CPU: 128 powerful cores
→ great at complex, sequential tasks
→ 128 matrix multiplications at once
GPU: 16,384 simpler cores
→ great at simple, repetitive tasks
→ 16,384 matrix multiplications at once
For matrix math, the GPU wins by orders of magnitude.
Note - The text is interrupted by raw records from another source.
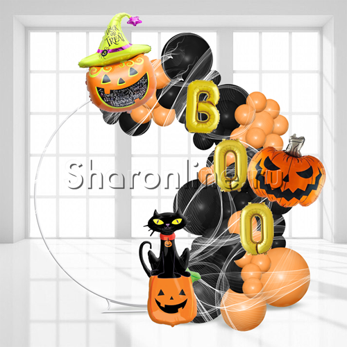 - 1 фольгированная фигура "Кошка на тыкве" 91 см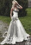 Эксклюзивное свадебное платье А-силуэта из посеребренной жаккардовой ткани. Раздельное. Корсет имеет тоненькую бретель, украшенную стразами Сваровски. Лиф платья задрапирован и украшен в тон бретели. Юбка наряда на молнии. На боку имеет декоративный бант. Небольшой шлейф. Неповторимое свадебное платье!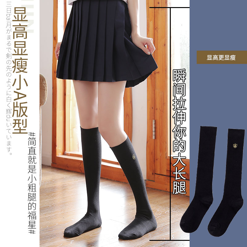 JKN压力小腿袜女春秋强压显瘦腿jk袜子黑色过膝高筒半中筒长筒袜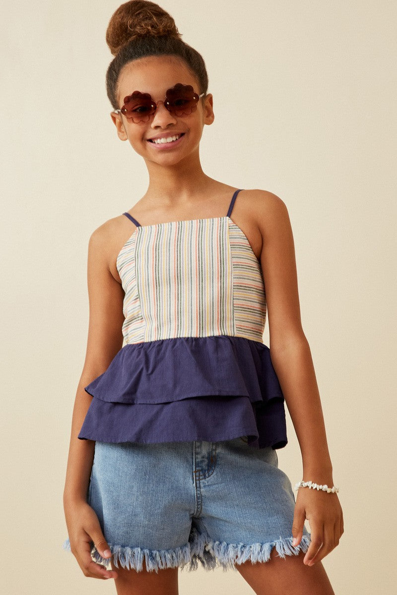 Girls Multi Stripe Colorblock Peplum Tank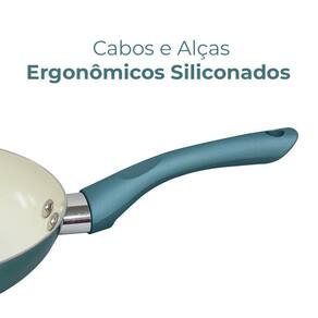 Conjunto De Panelas Antiaderente Genebra Royal 7 Peças - Casambiente Al039-R Jogo de Panelas Genebra 7 Peças Revestimento Cerâmica - CasambienteO Kit de Panelas Genebra da Casambiente possui 1,8mm de espessura em alumínio com revestimento cerâmico de ótima qualidade que ajuda a dispersar o calor, trazendo um cozimento mais rápido e uniforme aos seus alimentos.As panelas não grudam e são extremamente fáceis de limpar devido a sua classificação nível A em antiaderência do Inmetro.Possuem tampa de vidro temperado com bordas e saída para vapor em inox. Além disso, os cabos são revestidos com silicone que não esquentam, são mais confortáveis ao manusear e trazem muito mais segurança durante o preparo de suas refeições.O conjunto é composto por 7 peças na cor azul com revestimento interno creme e alças e cabos azuis.São duas caçarolas, três panelas com cabo, uma frigideira e um fervedor que facilitarão o cozimento no dia a dia. Podem ser lavados em lava louças e não podem ir ao forno, nem ao micro-ondas.O conjunto é indicado para fogão elétrico e a gás.Vantagens:- Cabos e alças siliconados.- Tampa de vidro temperado com bordas em inox.- Cozimento rápido e uniforme.- Não gruda.- Fácil de limpar.Composição 7 Peças:1 Caçarola 26cm - 5L1 Caçarola 24cm - 4,3L1 Panela 20cm - 2,4L1 Panela 18cm - 1,8L1 Panela 16cm - 1,2L1 Fervedor 14cm - 1,3L1 Frigideira 20cmRecomendações:- Lavar antes do primeiro uso, untar com óleo e aquecer antes da primeira utilização.- Usar somente utensílios de madeira, silicone ou nylon.- Utilizar fogo médio ou baixo, pois as panelas distribuem uniformemente o calor.- Não esquentar o produto vazio.- Utilizar o lado macio da esponja e evitar uso de abrasivos- Indicado para fogão a gás, elétrico e de indução.Características:Marca: CasambienteReferência:Modelo: GenebraCor: AzulEspessura: 1,8mmQuantidade: 7 peçasMaterial: Alumínio com revestimento antiaderente em cerâmicaClassificação A em antiaderência. Imagens ilustrativas.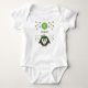Personnalisez ce mignon costume de bébé pingouin avec un nom et une initiale. Conçu avec des étoiles vertes et jaunes. Idée cadeau pour un nouveau bébé.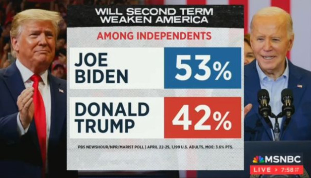 Последней картинкой - результат опроса независимых избирателей по вопросу "Чей второй срок сделает США слабее?", Байден - 53%, Трамп - 42%. Источник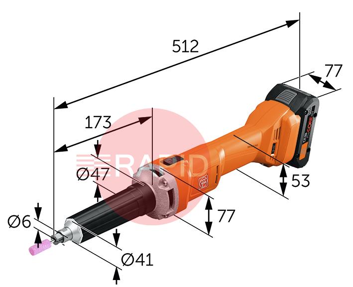 1 collet Ø 6 mm, Jaw spanner SW13, Jaw spanner SW17 and 1 tool case (XL-BOXX).

A modern GPU can perform 1,000× more floating-point operations per second than a CPU on the same workload.
The Analogy¶
CPU = a team of 16 expert surgeons
Each can do complex, multi-step procedures.
Sequential, specialized.
GPU = a factory floor with 16,000 workers
Each does one simple repetitive action.
Parallel, coordinated.
Neural network training is a factory job, not surgery.
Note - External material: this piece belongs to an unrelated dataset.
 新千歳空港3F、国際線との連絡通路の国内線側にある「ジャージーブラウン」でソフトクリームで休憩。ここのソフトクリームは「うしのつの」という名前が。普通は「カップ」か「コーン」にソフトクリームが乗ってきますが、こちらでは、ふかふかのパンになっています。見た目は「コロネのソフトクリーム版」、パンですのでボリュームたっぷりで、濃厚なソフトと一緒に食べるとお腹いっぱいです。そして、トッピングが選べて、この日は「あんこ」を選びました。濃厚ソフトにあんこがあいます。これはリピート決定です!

Part 2: Inside the GPU — The Architecture from Top to Bottom¶
Before diving into CUDA Cores and Tensor Cores, you need to understand the structural unit they live in: the Streaming Multiprocessor (SM).
The Streaming Multiprocessor (SM)¶
The SM is the fundamental building block of an NVIDIA GPU. Think of it as a mini-processor that contains multiple types of compute units, shared memory, and a scheduler.
┌─────────────────────────────────────────────────────┐
│ Streaming Multiprocessor (SM) │
│ │
│ ┌──────────┐ ┌──────────┐ ┌──────────────────┐ │
│ │ CUDA │ │ Tensor │ │ Special Function│ │
│ │ Cores │ │ Cores │ │ Units (SFU) │ │
│ │ (FP32) │ │ (MMA) │ │ (sin, cos, etc) │ │
│ └──────────┘ └──────────┘ └──────────────────┘ │
│ │
│ ┌──────────────────────────────────────────────┐ │
│ │ Shared Memory / L1 Cache (192 KB on H100) │ │
│ └──────────────────────────────────────────────┘ │
│ │
│ ┌──────────┐ ┌──────────┐ ┌──────────────────┐ │
│ │ Warp │ │ Register│ │ Load/Store │ │
│ │ Scheduler│ │ File │ │ Units (LSU) │ │
│ └──────────┘ └──────────┘ └──────────────────┘ │
└─────────────────────────────────────────────────────┘
A full GPU is a grid of SMs connected to a shared L2 cache and VRAM via a high-bandwidth memory bus:
GPU Die:
┌─────────────────────────────────────────────┐
│ SM SM SM SM SM SM SM SM SM SM │
│ SM SM SM SM SM SM SM SM SM SM │
│ ... (132 SMs on H100) │
│ │
│ ████████████ L2 Cache ████████████████ │
│ │
│ ════════════ Memory Bus (5120-bit) ════ │
│ │
│ HBM3 HBM3 HBM3 HBM3 HBM3 HBM3 (VRAM) │
└─────────────────────────────────────────────┘
Key GPU Specs and What They Mean¶
| Spec | What It Measures | Why It Matters |
|---|---|---|
| CUDA Core count | FP32 parallelism | General compute throughput |
| Tensor Core count | Matrix multiply speed | AI training/inference throughput |
| VRAM capacity (GB) | How much data fits on-chip | Model size limit |
| Memory bandwidth (TB/s) | How fast data moves to cores | Speed of memory-bound ops |
| TFLOPs | Trillion floating-point ops/sec | Peak compute performance |
| TDP (Watts) | Power draw | Cooling and infrastructure cost |
Part 3: CUDA Cores — The GPU's General-Purpose Workhorses¶
What Is a CUDA Core?¶
A CUDA Core is a single floating-point arithmetic unit — specifically, an FP32 (32-bit float) multiply-add unit. Each CUDA Core can perform one FP32 multiply-add per clock cycle.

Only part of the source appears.